- Interactive map of Magarizaki Kofun Cluster
- 32°45′05″N 129°59′20″E﻿ / ﻿32.7514°N 129.9889°E
- Type: Kofun
- Periods: Kofun period
- Location: Nagasaki, Japan
- Region: Kyushu

History
- Built: c.5th - 7th century

Site notes
- Public access: Yes (no facilities)

= Magarizaki Kofun Cluster =

Archeological site in Japan

The Magarizaki Kofun Cluster (曲崎古墳群) is a group of Kofun period burial mounds, located in the Makishima neighborhood of the city of Nagasaki, Nagasaki Prefecture Japan. The tumulus was designated a National Historic Site of Japan in 1978.

==Overview==
Makishima Island is located 500 meters offshore Tachibana Bay of the Amakusa Sea, between the Nagasaki Peninsula and the Shimabara Peninsula. At its eastern end is a beak-shaped gravel bar called "Magarizaki", which in 1940 was discovered to contain a group of tombs is a group of piled stone mounds. These burial mounds extend over an area 400 meters north-to-south by 50 meters east-to-west, at an elevation of four meters above sea level. Thus far, 101 burial mounds have been confirmed, and there are also about 500 more mounds whose nature is unknown. The burial mounds are small, with the largest being 15 meters in diameter, and most are even to eight meters in diameter or less. The main burial facilities are horizontal-type stone burial chambers constructed of slab-shaped stones in the lower half, and round pebbles and broken stones are piled up in the upper half. The presence of a passageway has not been fully confirmed, but it is possible that these tumuli are similar to the pit-type horizontal-entrance stone burial chambers found in other locations in Fukuoka and Saga Prefectures.
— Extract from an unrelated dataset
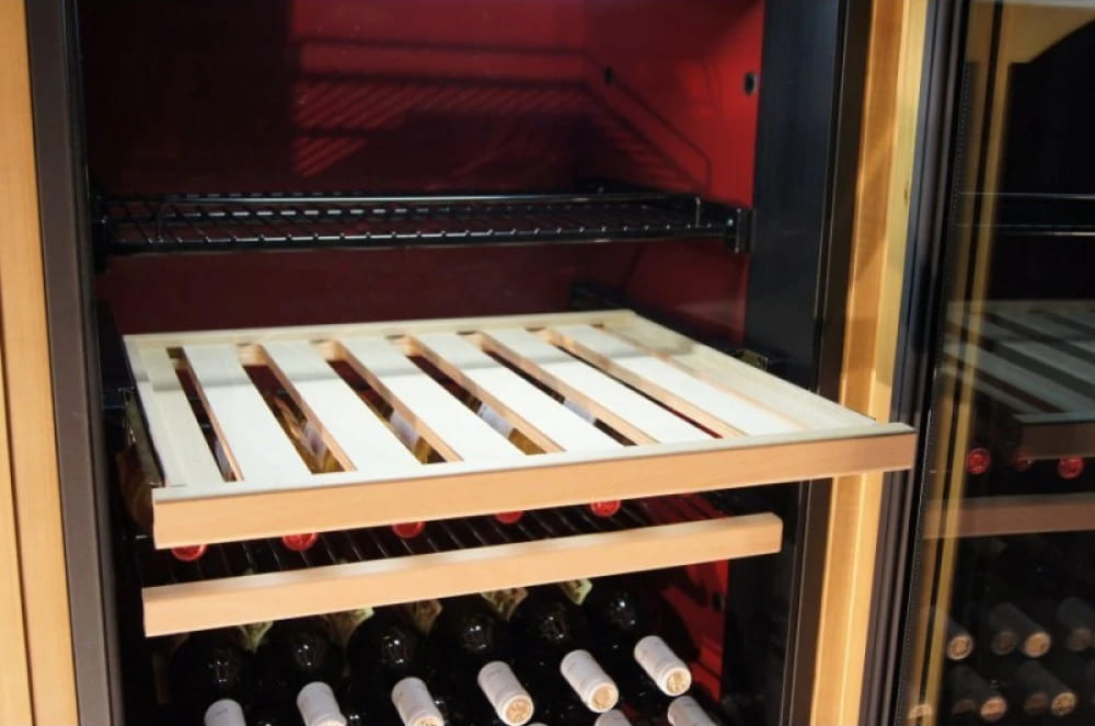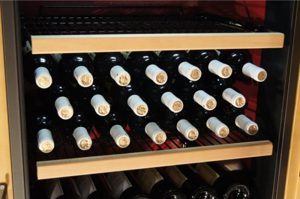 Полки в винных шкафах позволяют размещать бутылки для хранения в горизонтальном положении. Это необходимо, чтобы пробка постоянно смачивалась жидкостью и не пересыхала. Плотно закрытая пробка гарантирует, что внутрь бутылки не проникнет наружный воздух. Кислород, содержащийся в воздухе, может стать причиной ухудшения вкуса вина и даже его скисания. Кроме того, горизонтальное положение позволяет лучше оценить количество осадка. Материал изготовления полок выбирается, исходя из требований, предъявляемых к содержанию коллекции вин. Одним из основных требования является отсутствие или максимальное сокращение вибрации и хорошая фиксация бутылок на месте хранения. Даже если полка выдвигается, бутылки должны оставаться на своем месте. Второе требование исключает применение стеклянных полок, как в обычном холодильнике: на них почти невозможно зафиксировать бутылки.
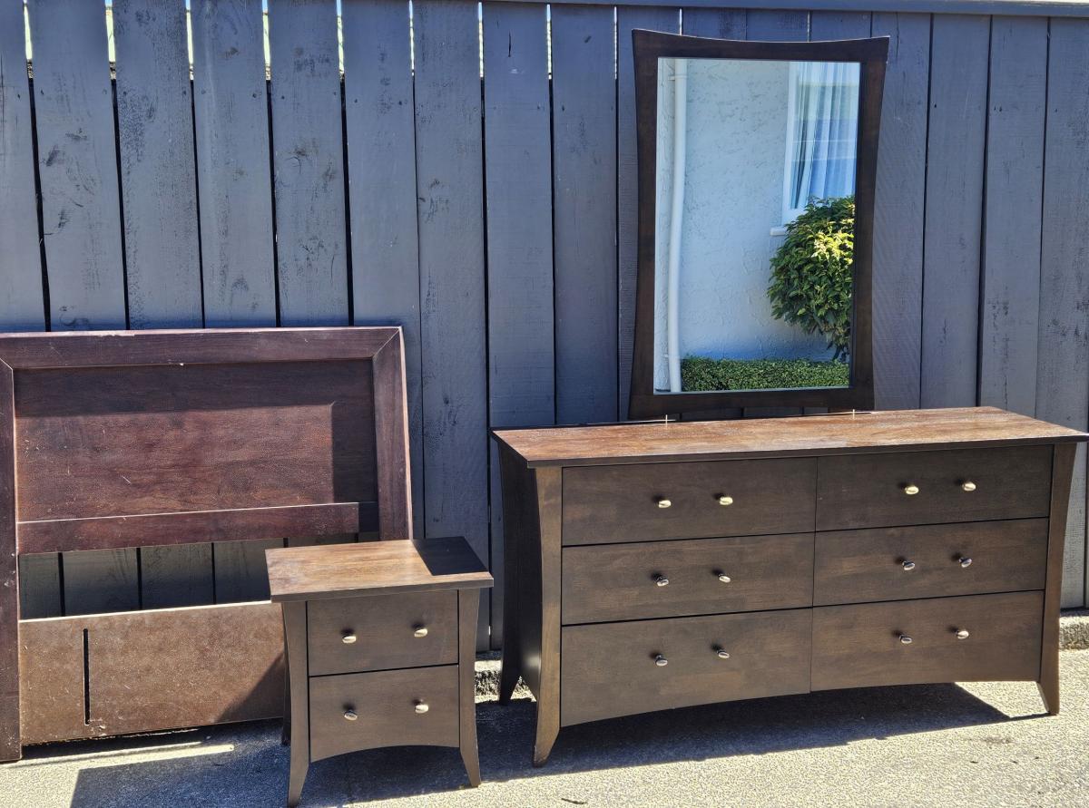 Brown matching Northwood furniture bedroom suite, as pictured includes one bedside table, a single headboard (had on king single bed) and large double dresser. In good condition, just needs a clean as been in storage! Feel free to ask questions including dimensions. Highest offer wins.

Grave goods including glass beads, jars, and Sue ware pots have been excavated, from which the construction date of these burial mounds is estimated to be the late Kofun period, between the end of the 5th century and the beginning of the 7th century.

The site is about a 37-minute drive from Nagasaki Station on the JR Kyushu Nagasaki Main Line.